Screw the Shoulds

I should

  • share
  • love
  • rest
  • heal
  • write
  • market
  • teach
  • work
  • clean
  • travel
  • play
I live a lot of “I Shoulds” in my life these days.  I dabble in so many things.  I have tried streamlining them so I’m not on so many different plateaus but it seems the things that I wish to make priority usually end up as “I shoulds”.  No energy.  Is it because I’m recovering from injury?  Working through my grief in therapy?  Am I so overworked in so many different ways that there is nothing left for my passion and my love?  I feel that everday I’m left with the “I shoulds” and then I feel that…I can’t.
I am usually the positive outlook gal.  Seeing the light of the end of the tunnel and all that jazz.  *shrugs* But I see darkness right now.  I see loss.  I see frustration instead of inspiration.  I’m blinded by the cloudiness of my “I shoulds”.
I gotta turn this tune around.  I can’t stand this – this pity party, this woe is me, all the cliches.  They drive me nuts and it’s SO unoriginal (stated in my best valley girl voice).
You see, I can.  Last night I worked on my media page on the blog.  I googled Kev’s name.  I googled my name.  A lot of stuff came up, stuff I had forgotten about.  I read through the opportunities that I pursued and I can say that 75% of those were things I chased after to make happen.  I wanted to be a voice for cancer, for grief, for young loss.  And I am, not was.  I am.
My name comes across google mostly in grief or cancer related items because that’s what my focus has been on.  So, you could say that I live in the negative constantly.  I don’t see it that way.  I don’t think I ever have.  I worried others would worry that about me, but I never directly felt that writing about these topics meant I would feel worse about them.  When I write and share about these topics, in most cases, I feel empowered by what I survived and the survival of others I have met along this journey.
I set out to become a writer in 2008, before Kevin became ill.  He wanted me to write again because I missed it.  I tried non fiction but I just couldn’t find a good story.  I needed a good story.  Kevin gave that to me just 6 months later and I haven’t stopped telling our story since that time.
It hasn’t been about having a degree, or pursuing a certain style of writing; no particular inflection or tone, grammar mistakes along the way, unprofessional at times, other times I shape it up.  There’s never been a set of rules to my sharing, and I never felt that there SHOULD be (there’s that word again).

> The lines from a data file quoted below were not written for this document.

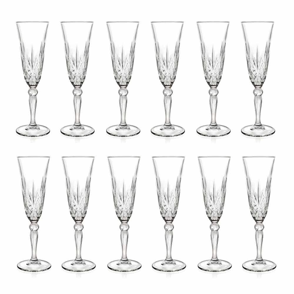 12 flute glasses in ecological crystal design in vintage style of high quality 100% made in Italy.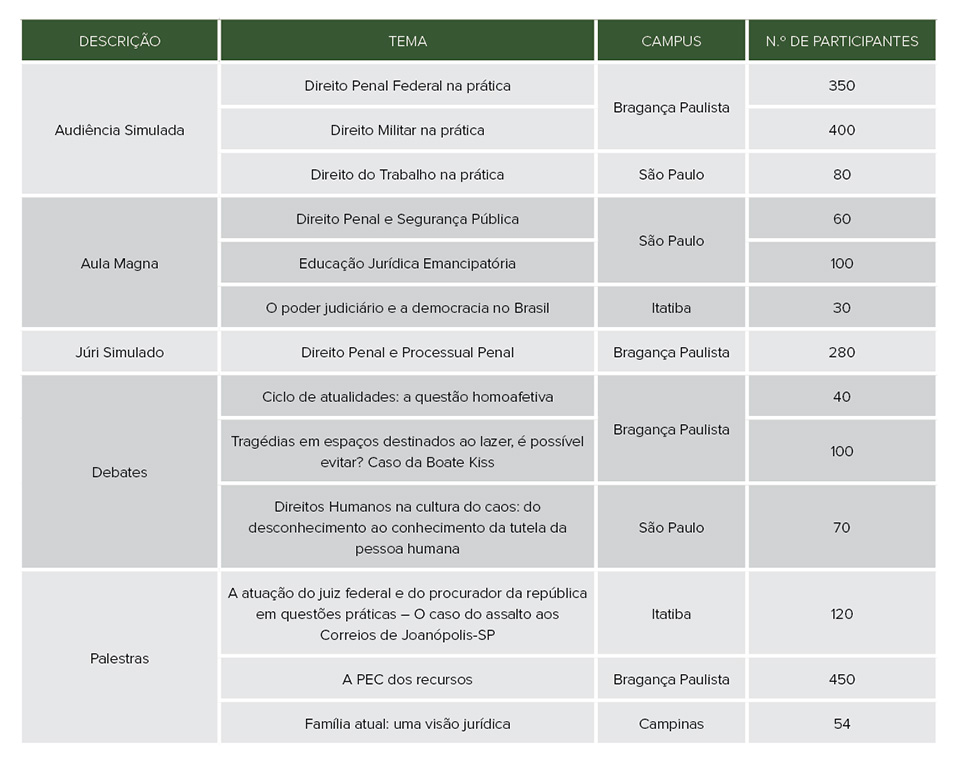 Periodicamente, a Universidade São Francisco realiza eventos na área de Direitos Humanos e Justiça para que, na prática, seus alunos possam aprender mais sobre situações corriqueiras no exercício da sua futura profissão.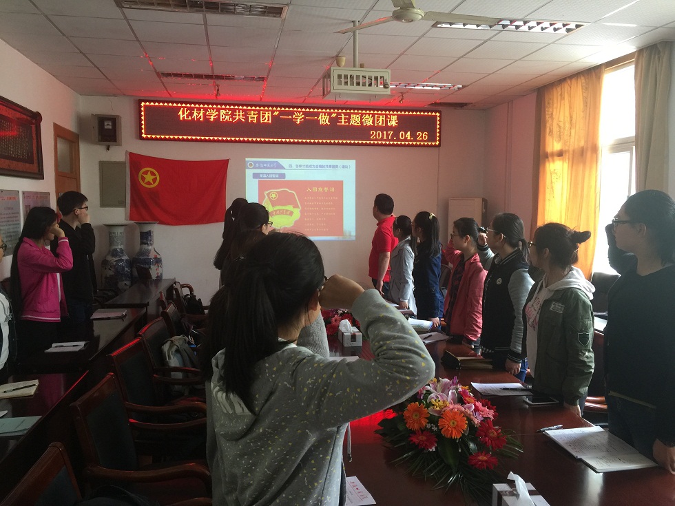 雄厚的宣誓声回荡在会议室中,本次微团课顺利结束。在蒋建伟老师认真又不失风趣幽默的讲述后,各班级团支书对认真开展“一学一做”学习教育活动有了更深一步的认识和理解。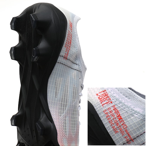 ●極薄のマイクロファイバーで作られたグリップ素材を全面に覆うことで、スピードに乗ったドリブルのコントロール、一瞬のボールコントロールなどをサポート。新しいライニング素材のスピードケージを配置し、シューズの保形性をサポート。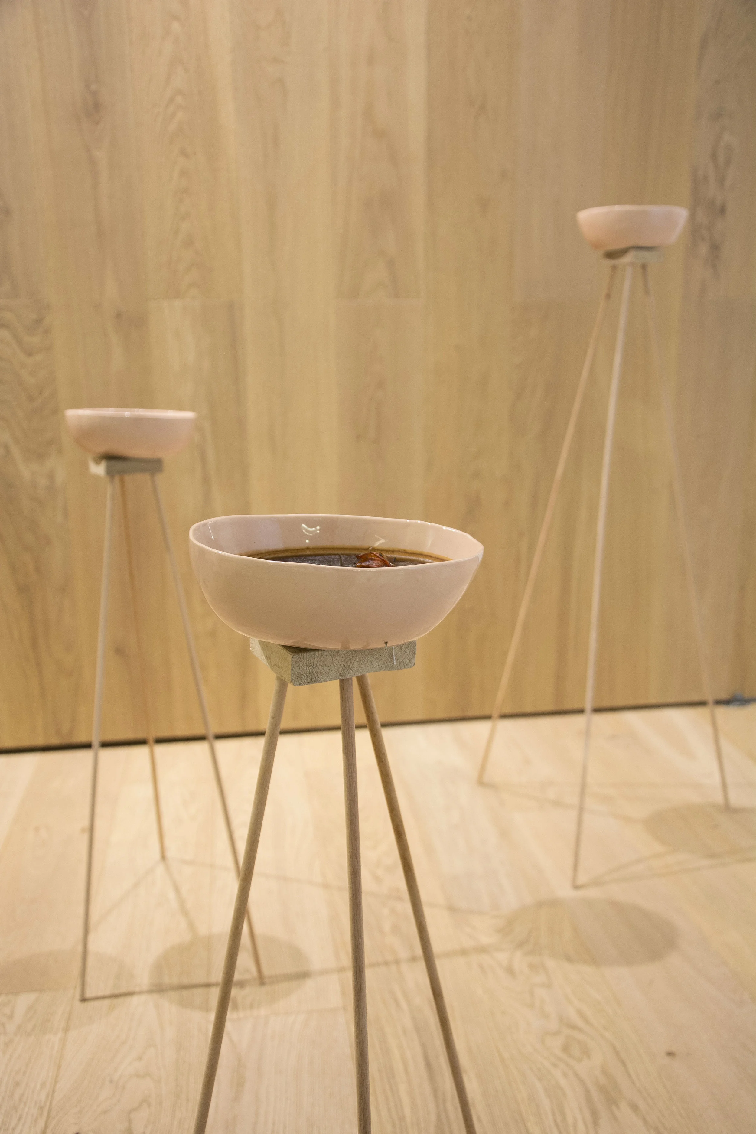 Ces bols sont liés à un rituel ancestral aux racines sud américaines et asiatiques, que l’on appelle ‘vagina steaming’. Ce rituel invite à plonger des plantes médicinales dans l’eau bouillante dans un récipient. La vapeur obtenue détient des propriétés curatives pour les problèmes liés au cycle de la femme, à la fertilité ou à des douleurs intérieures ou traumatismes vaginaux. En étant à la fois des pièces usuelles et des objets-symboles, ces récipients fragiles deviennent alors des invitations à être remplies. Les céramiques, en installation, sont placées sur des totems à différentes hauteurs symboliques, parfaites à l’absorption de la vapeur chez chaque femme.

I should be sharing.  That’s the thing though, I am.  I realized the evidence of it last night.
I should be loving.  I do, and the family, friends, and boy that get that love know it, I do believe.
I should rest.  Yeah, I’m still not good at that, but I spent probably 75% of my day on my couch, so I’m getting there.
I should heal.  Headed back to therapy Thursday and joined the gym (once I get the Dr. ok)…almost?
I should write.  Um, check.  Doing that RIGHT NOW.
I should market.  Have you met my co-op yet?
I should teach.  Tomorrow I have 3 piano lessons and a creative writing tutoring appt.  Oh yeah.
I should work.  Back to it officially on Wed and pursuing how that may change in the future.
I should clean.  Well, the dishes will wait.  I know the pile is there.
I should travel.  Thankfully I have 4 months left to use my Wyndham points and write for Local Nation.
I should play.  I need to make a jam night with the boy again so we can keep working on some songs.  Yes, we’re collaborating together musically.
So you there, screw the shoulds.  You’re doing it.